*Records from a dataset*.

[Start of section]

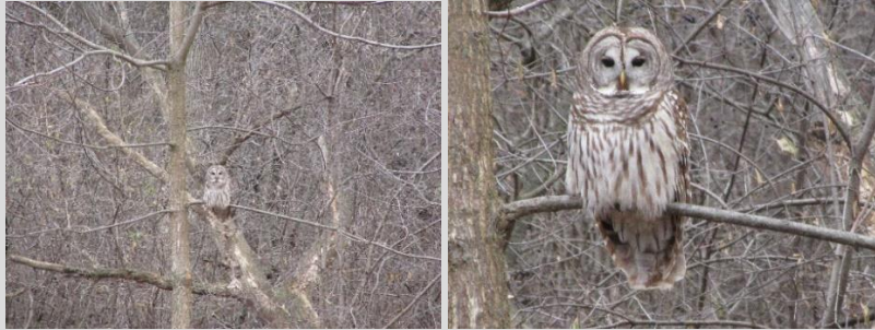
Jonathan Clark House Museum Woodland Photo - December 26, 2020
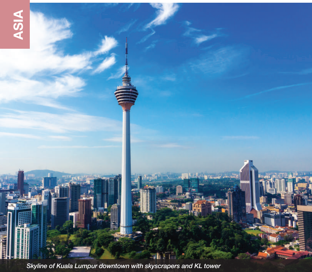
Skyline of Kuala Lumpur downtown with skyscrapers and KL tower

E mbark on an unforgettable journey through the vibrant cityscapes of Kuala Lumpur and the enchanting beauty of Bali. This carefully crafted tour blends cultural discovery, scenic landscapes, and tropical relaxation. From the modern skyline of Malaysia's capital to the serene temples and pristine beaches of Bali, experience iconic landmarks, spiritual sanctuaries, rich traditions, and island adventures – all in one extraordinary holiday. Whether it's the thrill of Genting Highlands, the mystical charm of Uluwatu, or the breathtaking views of Nusa Penida, this tour promises memories that will last a lifetime.
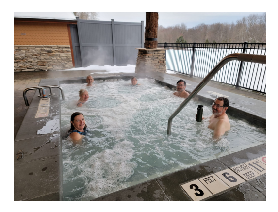
There's plenty of room in the hot tub at Tailwater.
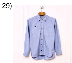
formal dress shirt
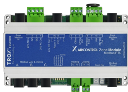
Modbus zone module X-AIR-ZMO-MOD
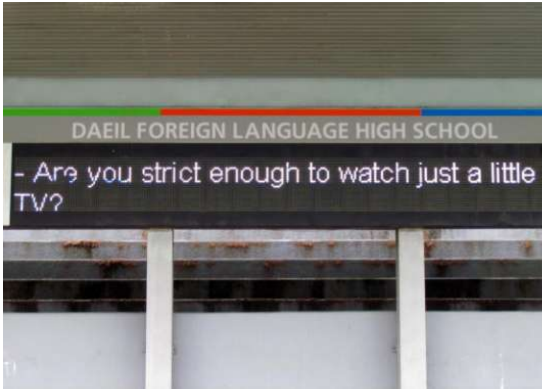
The sign outside of a high school in Seoul, South Korea
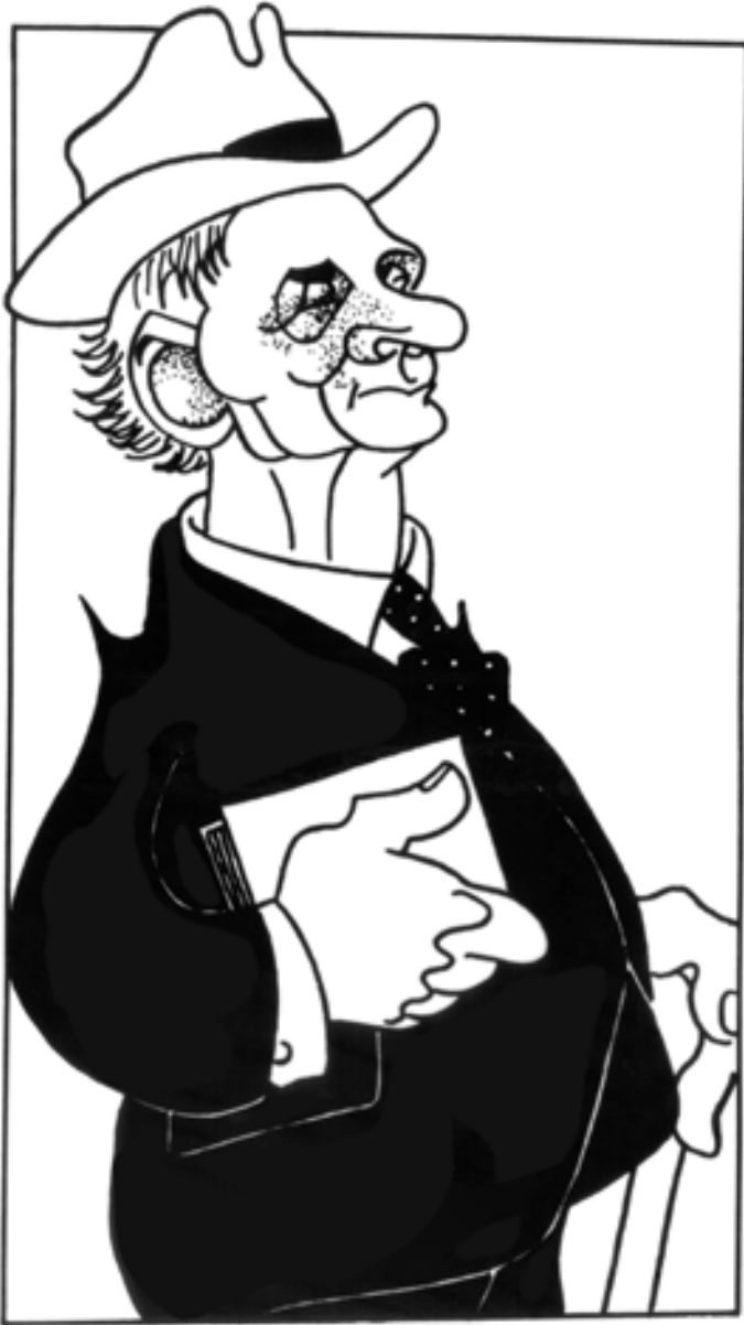
Political Cartoon

Another political champion, Thomas Pryor Gore was elected to the U.S. Senate as one of the first two senators from the new state of Oklahoma. Blind from childhood, Gore served from 1907 until 1921 and from 1931 until 1937.
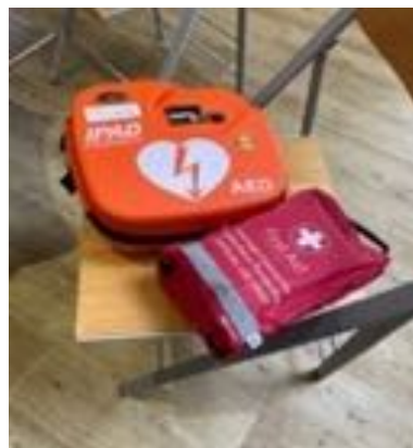
The recovered defibrillator
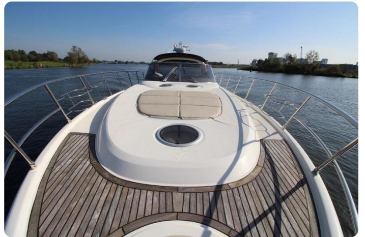
Cranchi Méditerranée 50
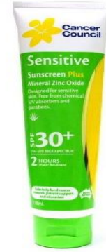
Waterproof Sun screen
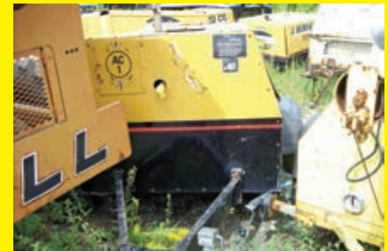
LEROI SN:3515X565 powered by Isuzu diesel engine, equipped with 185CFM, trailer mounted. (5) QTY OF PARTS.
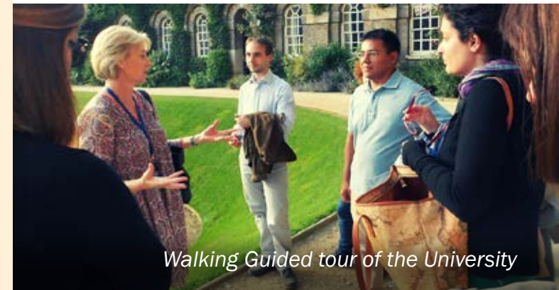
Walking Guided tour of the University
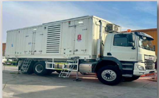
Truck Mounted Mobile Enclosure for 625kVA VolvoPenta Genset; Noise Level 70dB @ 10 mtr
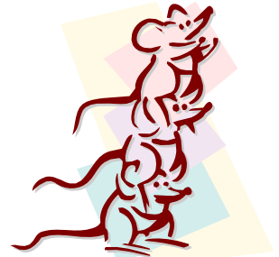
Thank you for your help!
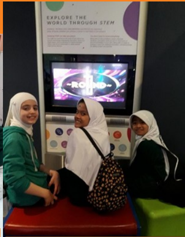
Designing earthquake-proof buildings at Scitech
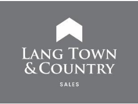
23 Garden Village, Plymstock, Plymouth, PL9 7EN

LANG TOWN & COUNTRY FOR SALE 01752 266000
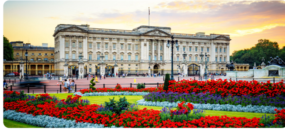
Buckingham Palace is in London, England.

Royal residences include palaces, castles and stately homes. Some of them are used for official royal business. Some are used as holiday or private homes. Many are tourist attractions.
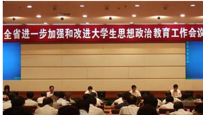
Fig.1. Convening a Conference on Ideological and Political Education for College Students

This is fundamentally different from the ideological and political education that used to solve the problem and accomplish the task. In essence, people-oriented, the main body is identified as a student, and the development of students is emphasized. This is highly consistent with the ideological and political education of the students in the school. The conference on convening ideological and political education for college students is shown in Figure 1.
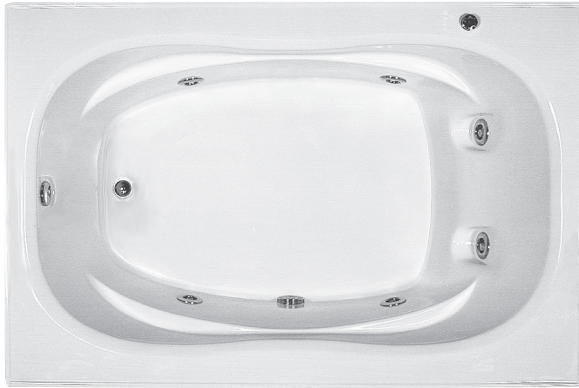
Hartwell features a textured bottom.
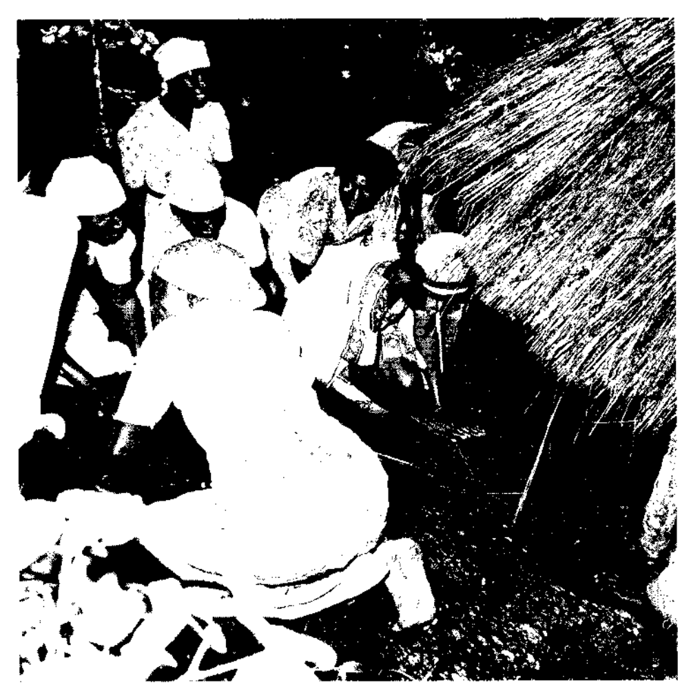
Fig. 10. Woman in a crouched position beating the ground in honour of the tribal spirit before the sanctuary (dendemoro)
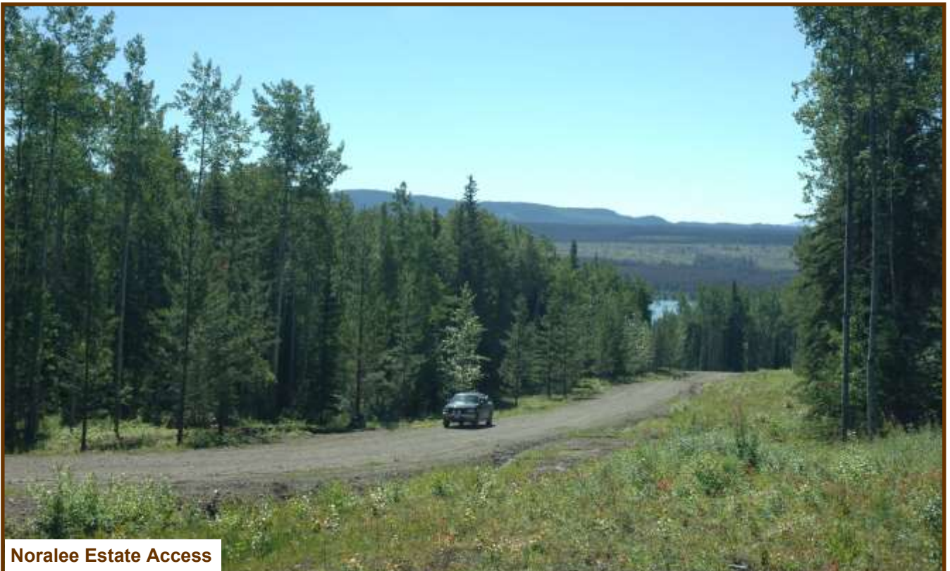
Noralee Estate Access

Contact us: sales@niho.com or 604-606-7900
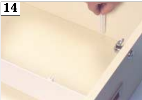
14. Peel the adhesive backing from the holder and press the holder onto the new mark.
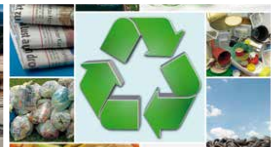
Recycling and waste sector
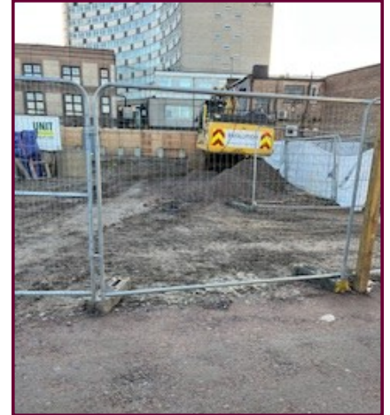
Preparing the site for the new hotel in Crown Lane, Morden as seen from Windermere Avenue.

I shall be focusing on all of these and shall give you updates on any developments. As usual, if you have any local issues that you think Ed or I can help with, please tell us. At the same time, we should acknowledge and be grateful that our current local challenges are not as grave as many of the national and international ones.
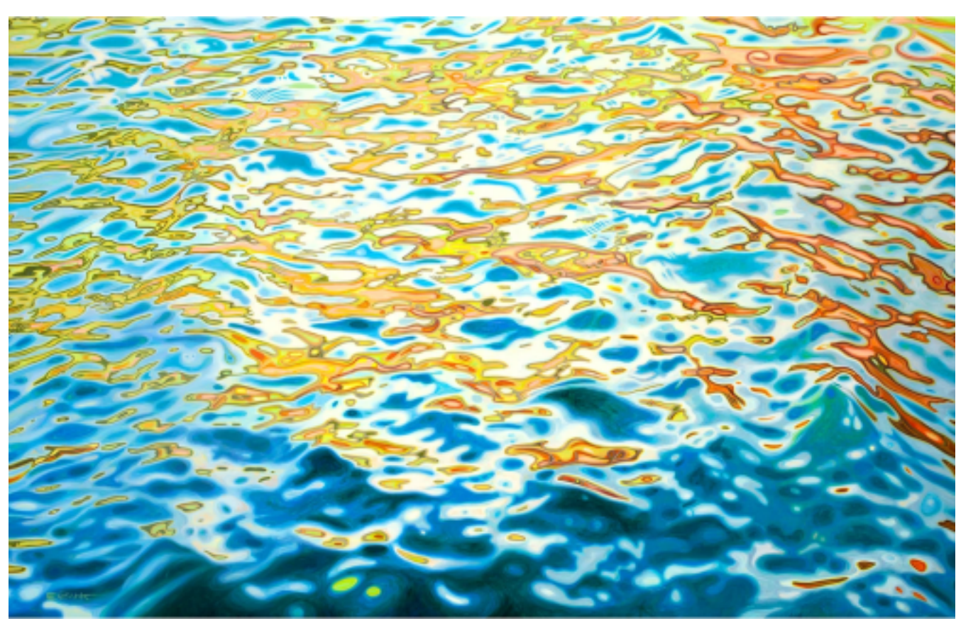
Santa Cruz Island V, oil on linen 42 x 66 inches
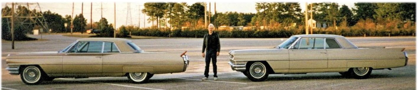
Another Picture from Feb 16, 1997 between my Gold and Bahama Sand 1964 Cadillacs
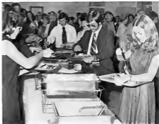
A popular event, the Sunday breakfast for seniors and their families attracted 700 hungry guests.
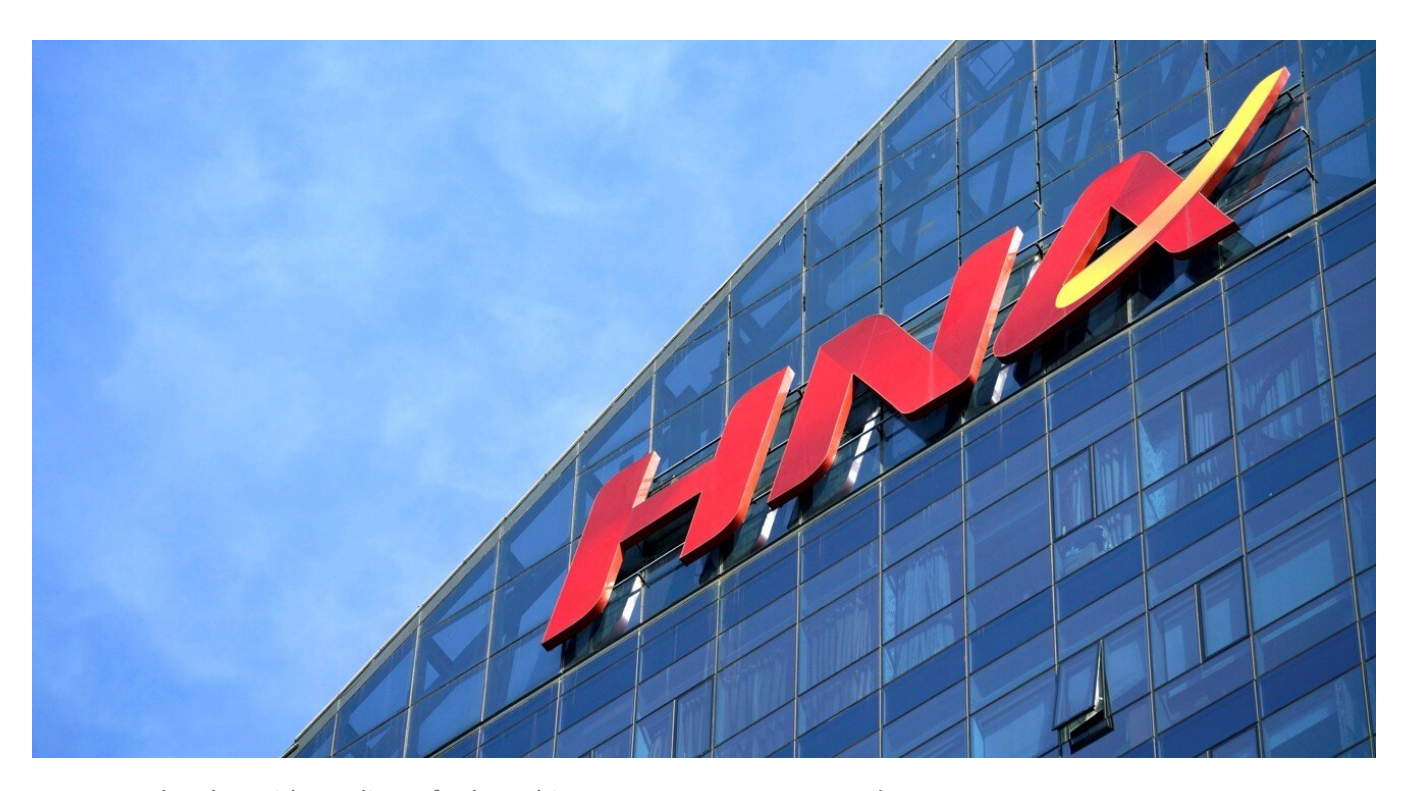
HNA battles with creditors for breathing space to restructure.

Los-Angeles-headquartered Oaktree, Boston-based Bain Capital, China's Citic Capital and others have amassed funds and assembled specialist debt teams for just such a calamity. Such investors have raised US$10.6 billion over the last two years, said data provider Preqin.

[End of section]

*Work order*.
Print nothing but the lines above starting with the line that contains "Modbus zone module X-AIR-ZMO-MOD" and going on through the line that contains "Preparing the site". Leave out the pictures.

*Exercise answer*.
Modbus zone module X-AIR-ZMO-MOD
The sign outside of a high school in Seoul, South Korea
Political Cartoon

Another political champion, Thomas Pryor Gore was elected to the U.S. Senate as one of the first two senators from the new state of Oklahoma. Blind from childhood, Gore served from 1907 until 1921 and from 1931 until 1937.
The recovered defibrillator
Cranchi Méditerranée 50
Waterproof Sun screen
LEROI SN:3515X565 powered by Isuzu diesel engine, equipped with 185CFM, trailer mounted. (5) QTY OF PARTS.
Walking Guided tour of the University
Truck Mounted Mobile Enclosure for 625kVA VolvoPenta Genset; Noise Level 70dB @ 10 mtr
Thank you for your help!
Designing earthquake-proof buildings at Scitech
23 Garden Village, Plymstock, Plymouth, PL9 7EN

LANG TOWN & COUNTRY FOR SALE 01752 266000
Buckingham Palace is in London, England.

Royal residences include palaces, castles and stately homes. Some of them are used for official royal business. Some are used as holiday or private homes. Many are tourist attractions.
Fig.1. Convening a Conference on Ideological and Political Education for College Students

This is fundamentally different from the ideological and political education that used to solve the problem and accomplish the task. In essence, people-oriented, the main body is identified as a student, and the development of students is emphasized. This is highly consistent with the ideological and political education of the students in the school. The conference on convening ideological and political education for college students is shown in Figure 1.
Hartwell features a textured bottom.
Fig. 10. Woman in a crouched position beating the ground in honour of the tribal spirit before the sanctuary (dendemoro)
Noralee Estate Access

Contact us: sales@niho.com or 604-606-7900
14. Peel the adhesive backing from the holder and press the holder onto the new mark.
Recycling and waste sector
Preparing the site for the new hotel in Crown Lane, Morden as seen from Windermere Avenue.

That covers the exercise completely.